Predicting Exercise Form via accelerometer data
We analyze a data set containing accelerometer measurements by which a type of dumbbell curl is classified. With over 19000 observations in our training set, 159 predictors each, and 5 potential classifications, model choice is a large factor in predictive performance. Using a random forest implementation, we achieve over 99% accuracy in our results after validating with a 4000 sample set.
Loading and Cleaning Data
training <- read.csv("pml-training.csv", na.strings = c("NA", "")) testing <- read.csv("pml-testing.csv", na.strings = c("NA", ""))
Our data has many variables with 90%+ NA’s or blank entries. We remove them using the code below, and create a validation set sampling 4000 instances from our training set without replacement.
training <- training[, colSums(is.na(training)) == 0] testing <- testing[, colSums(is.na(testing)) == 0] validation <- sample_n(training, size = 4000) training <- training[-validation$X,]
Exploratory Data Analysis
We use the random forest classification model, which will draw n = 500 bootstrap samples from the training data before growing a classification tree and choosing the best option among m = 8 predictors at each node. The m = 8 is standard for classification, given that we have 60 predictors after removing NA’s, round(sqrt(60)) = 8. It will then aggregate all results to deliver the majority vote classification value among all the trees.
We naively include all possible predictors in our first iteration and then examine the importance of particular variables.

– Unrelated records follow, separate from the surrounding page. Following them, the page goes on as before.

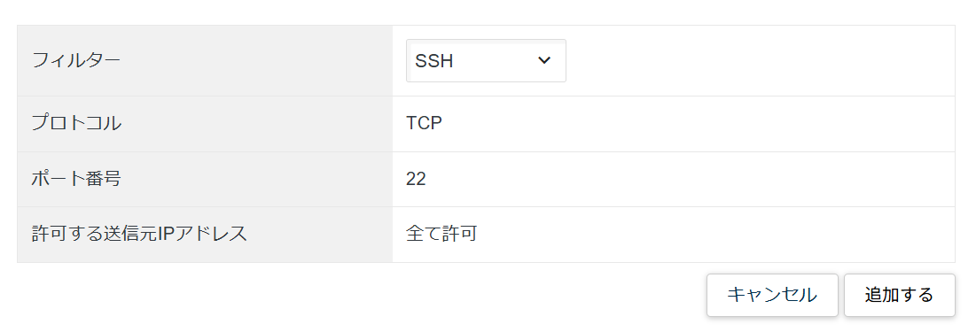 もう一度、「パケットフィルター設定」をクリックして、今度は「フィルター:SSH」を追加します。
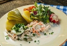 290 г • Слабосоленая сельдь с луком, маринованным и зелёным подаётся с отварным картофелем, под сливочным маслом с укропом
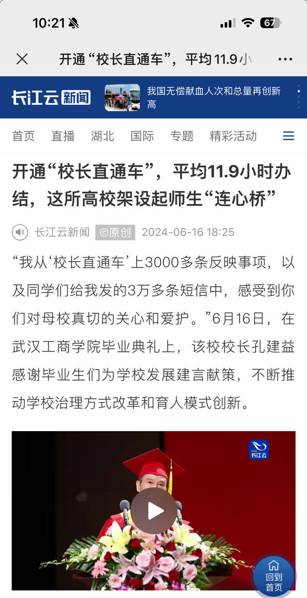 “我向‘校长直通车’反馈了两项建议,都在1天内得到了解决”,该校应用技术学院电子商务专业大二学生金天提起“校长直通车”不禁竖起了大拇指。
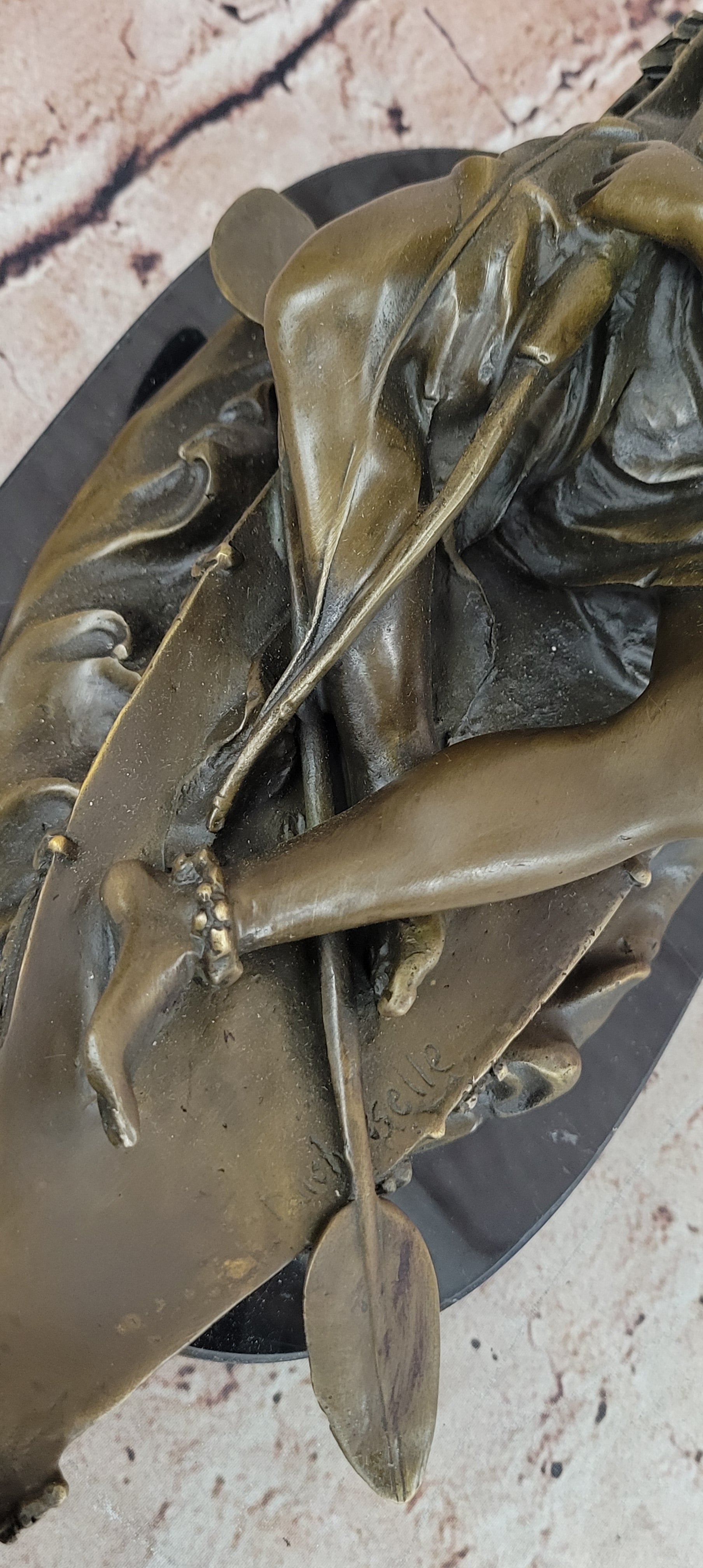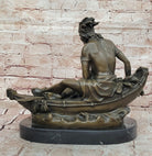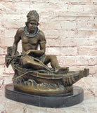 Bronze Native American Canoe Sculpture – Indian Warrior in Boat Statue

fit.rf <- randomForest(classe ~ ., data = training, ntree = 500, mtry = 8, importance = TRUE) fit.rf
## ## Call: ## randomForest(formula = classe ~ ., data = training, ntree = 500, mtry = 8, importance = TRUE) ## Type of random forest: classification ## Number of trees: 500 ## No. of variables tried at each split: 8 ## ## OOB estimate of error rate: 0.01% ## Confusion matrix: ## A B C D E class.error ## A 4420 0 0 0 0 0.0000000 ## B 1 3007 0 0 0 0.0003324 ## C 0 0 2703 0 0 0.0000000 ## D 0 0 0 2612 0 0.0000000 ## E 0 0 0 0 2879 0.0000000
head(sort(fit.rf$importance[,6], dec = TRUE))
## X cvtd_timestamp raw_timestamp_part_1 ## 0.45459 0.21611 0.10218 ## num_window roll_belt magnet_dumbbell_y ## 0.05887 0.04933 0.03844
We find that the sequential X variable, as well as generic timestamps and other non-accelerometer data are having a large effect on our classification, and we would like to remove them to preserve generalizability in future accelerometer datasets. In addition, our classification is estimating a 0% error rate, hinting that there is likely overfitting going on due to the sequential nature of the indices and classification types.
We confirm this sequential bias in the following plot, and also examine some of the highest influencing predictors:
There is a reasonable pattern to draw inference from in the roll and yaw belt data, especially with regards to the D and E class.
Cleaning Data Redux
After evaluating some influential variables, we decide to minimize our features only by removing the qualitative predictors and leaving all accelerometer values.
training <- training[,8:length(training)] testing <- testing[,8:length(testing)] validation <- validation[,8:length(validation)]
With 52 predictors, we evaluate the best performing mtry value for our random forest model. As before, we expect round(sqrt(52)) = 7 to be close to the ideal value. We take the training set’s ideal value and use it to examine the effect of increasing the amount of trees (creating a larger ensemble).
Using mtry = 8 and numTrees = 1000 seems to be near the ideal value for our given data set, so we perform our final data classification modeling using these values with the following code:
fit.rf.final <- randomForest(classe ~ ., data = training, ntree= 1000, mtry = 8, importance = TRUE, keep.forest = TRUE)
Given our final model’s out of bag error calculation, we estimate our out of sample error to be about 0.4%, or in other words, 99.6% accuracy .
valid.results <- predict(fit.rf.final, validation[-length(validation)]) orig <- dplyr::select(validation, classe)[,1] accuracy_valid <- sum(valid.results == orig)/length(valid.results)*100
We use our random forest model to predict the values of our 4000 samples in our validation set and achieve an impressive 99.975% accuracy on our prediction, using only accelerometer data, with the most influential predictors listed below:
## roll_belt yaw_belt roll_forearm magnet_dumbbell_y ## 0.13448 0.12344 0.12181 0.11988 ## magnet_dumbbell_z magnet_dumbbell_x ## 0.11636 0.09554
We can see that roll_belt and yaw_belt remain some of the strongest predictors, as we found in the early stages of analysis.
In sum, the random forest machine learning algorithm performs quite well on this type of data, achieving about 99% accuracy in largely human-removed analysis, given qualitative, non-generalizable predictors and biases are removed.
In addition, the same prediction model was applied to the testing set and achieved 100% accuracy.